From Bugzilla Helper: User-Agent: Mozilla/5.0 (X11; U; Linux i686; en-US; rv:1.0rc1) Gecko/20020424 Description of problem: THIS IS A BUGZILLA DOCUMENTING A PROBLEM THAT WAS FIXED IN THE RHEL AS2.1 QU2 BETA ERRATA WITH THE -e18 kernel. NO ACTION REQUIRED HERE. Dell PE6650 4CPU (noht) 12 Gigs Ram, 20 Gigs swap. All updates, kernel-2.4.9-e.12enterprise (2) Qlogic 2312 -qla2300_60300 Connectrix Symmetrix EMC Powerpath Machine slows to a crawl becomes unresponsive, Ping, TNS Ping only (means Oracle doesn't fail over), Keyboard lights responsive. No unusual messages in logs. Suggested serial console, enable MagicSysRQ. and remote top. Capture sysrq output other info and send it in for analysis. Version-Release number of selected component (if applicable): kernel-2.4.9-e12enterprise How reproducible: Sometimes Steps to Reproduce: 1.Have machine run for about two days under heavy load and machine will lock up as descrived above. 2. 3. Additional info:
Had customer remove PowerPath binary module and switch from Emulex to QLogic adapters so Red Hat would support them fully. Also had customer replace the GB crossover cable between the two onboard Broadcom NIC adapters with a standard CAT5E cable. Dell had them reconfigure their QLogic adapters so they didn't share IRQs. Oracle had them apply latest TARs. We also verified they had the latest ntp patch. Got SysRq+t,+p,+m traces and Engineering found the following problem..... Event posted 03-28-2003 11:33am by lwoodman with duration of 0.00 OK, I think we see what the problem is here: kswapd eventually calls invalidate_inode_pages() on one of the cpus and that takes the pagemap_lru_lock before entering what can be a very long loop of looking at inode pages. This does a spin_trylock of the page hash list lock for each page and if that fails, lets go of the pagemap_lru_lock than re-enters the "very long loop". In this case one of the other cpus has the page hash list lock and is spinning for the pagemap_lru_lock. On certain hardware/bus configurations the other cpu may never get the pagemap_lru_lock even though its spinning on it because it is in the cache of the cpu that owned it and wants it again. This can cause the system to deadlock. The way to fix this is to limit the number of inode pages invalidate_inode_pages() processes when its called from kswapd. Are you willing to try out a new kernel that has only this change??? You are the only customer we have seen with this problem so we have no other way to verify this fix. Larry Woodman, Dave Anderson and Rik van Riel...

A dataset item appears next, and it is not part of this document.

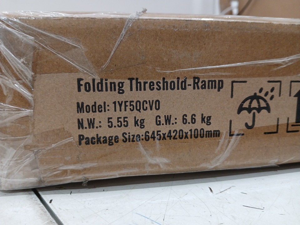 vevor portable folding threshold ramp for wheelchairs and mobility scooters 800lbs capacity - 29" x 24" x 2" - silver/black (model: 1yf5qcvo)

Provided patch for customer to try. Ran succefully for over two weeks and agreed to close incident. --- Fix is in the RHELAS2.1 QU2 errata (-e18 kerrnel). Reference Issue Tracker 17733. Bugzilla opened so Red Hat partners can track this problem and its resolution.
Note that customer planned to reinstall PowerPath software once problem was resolved. Also, there is a bug in the qla2300_060300 driver fixed in the qla2300_0604 driver which is also in the QU2 -e18 kernel. We tried a qla fix prior to getting the p-trace in case this was what the customer was hitting. Subsequently reverted back to the qla2300_060300 driver when we found the kernel problem.